VoxBar Kyutai: Mimi Codec & Frame-by-Frame Streaming
How Kyutai's neural audio codec processes speech at 12.5 Hz, and why the delayed-streams architecture makes it faster than any chunk-based model.
The Model: Kyutai STT 1B
Kyutai STT 1B was developed by the Kyutai research lab in Paris — the same team behind the Moshi multimodal model. It's a decoder-only transformer that processes audio through a neural codec, rather than the traditional waveform → spectrogram → encoder pipeline used by most ASR models.
This codec-first approach is what makes Kyutai fundamentally different from every other engine in the VoxBar lineup.
The Mimi Neural Audio Codec
At the heart of Kyutai STT is Mimi — a neural audio codec that compresses raw audio into discrete token streams at 12.5 Hz. Unlike traditional audio compression (which tries to preserve waveform fidelity), Mimi encodes speech into two parallel streams:
- Semantic tokens — meaning and word content, similar to text embeddings
- Acoustic tokens — speaker identity, prosody, background characteristics
This dual-stream approach means the model simultaneously understands what is being said (semantic) and how it's being said (acoustic). The semantic stream drives transcription, while the acoustic stream helps with speaker disambiguation and noise robustness.

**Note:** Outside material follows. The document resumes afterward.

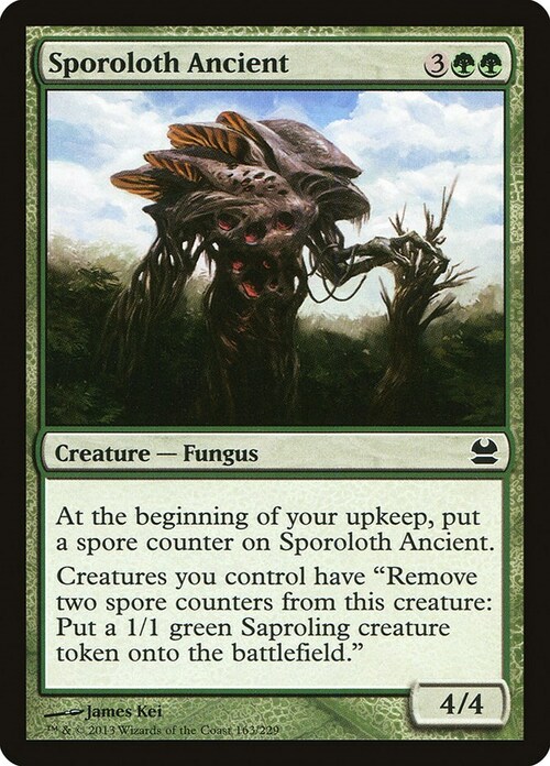 Creatures you control have "Remove two spore counters from this creature: Create a 1/1 green Saproling creature token."

Zero-Delay Streaming Architecture
The Kyutai STT 1B model uses a zero-delay alignment between its 32 audio codebook streams and the text output stream. Unlike multi-modal Moshi models that use staggered delays between codebooks, the STT variant aligns all streams at offset zero — meaning text tokens can emerge from the very first audio frame with no pipeline fill time.

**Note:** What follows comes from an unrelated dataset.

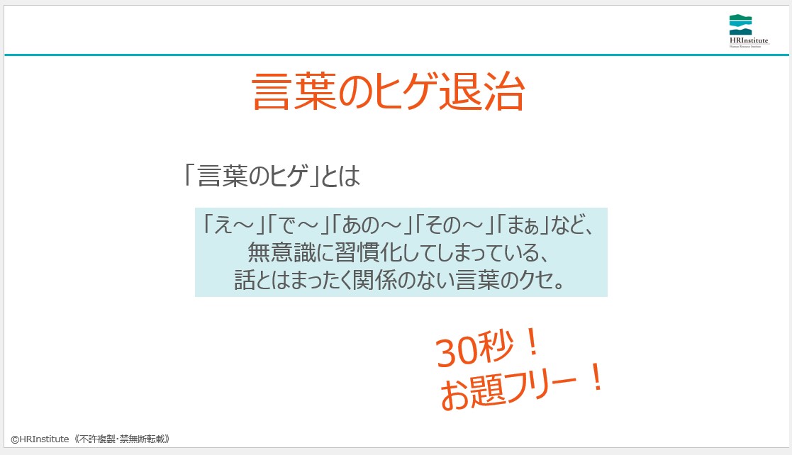 「言葉のヒゲ」(「えー」「あー」といった話の内容に関係ない言葉)を削るトレーニングを通じて、普段気づいていない自分のクセに気づくことができます。話し方を自分でコントロールできるようになると、自信が芽生え、堂々と振る舞えるようになります。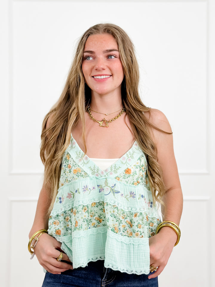 Blue Floral Sleeveless Midi Dress with Ric Rac Trim Detail

The result: the model produces text tokens almost immediately as audio arrives. It's not waiting for a 2–5 second chunk like Whisper or Canary. It processes audio frame-by-frame at 12.5 Hz, producing text with sub-80ms latency. The model uses greedy decoding (temperature 0.0) — no sampling randomness, just the highest-confidence prediction at every step.

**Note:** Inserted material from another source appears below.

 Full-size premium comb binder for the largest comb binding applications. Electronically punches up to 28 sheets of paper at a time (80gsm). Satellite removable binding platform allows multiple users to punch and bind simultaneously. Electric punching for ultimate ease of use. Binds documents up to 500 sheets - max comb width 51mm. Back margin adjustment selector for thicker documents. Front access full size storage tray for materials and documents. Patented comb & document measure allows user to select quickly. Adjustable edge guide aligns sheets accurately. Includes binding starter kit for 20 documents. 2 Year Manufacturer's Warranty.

Semantic VAD (Voice Activity Detection)
Traditional VAD systems detect whether there's audio energy present in a signal. Kyutai's VAD goes deeper — it operates on the semantic token stream, detecting whether the audio contains actual speech content rather than just noise or breath sounds.
This semantic-level VAD is remarkably resilient. It continues working during pauses, background noise, and even brief interruptions. When a true silence is detected, the staleness monitor kicks in and auto-recovers the session — you don't need to stop and restart manually.
Self-Recovery & Session Health
One of the more unusual features in VoxBar Kyutai is the staleness monitor. Because Kyutai is a streaming model, it can occasionally stall if the audio pipeline desynchronises. The staleness monitor detects this condition automatically and triggers a transparent reconnection — text output resumes within a second, often without the user even noticing.
Memory Stability — Runs Indefinitely
A streaming model that runs continuously needs rock-solid memory management. VoxBar Kyutai achieves this through two mechanisms:
- Fixed-capacity attention cache — the model's KV cache is designed as a circular ring buffer, pre-allocated at startup with a fixed capacity. As new audio frames arrive, they overwrite the oldest entries. The cache never grows beyond its initial allocation, regardless of how long the session runs.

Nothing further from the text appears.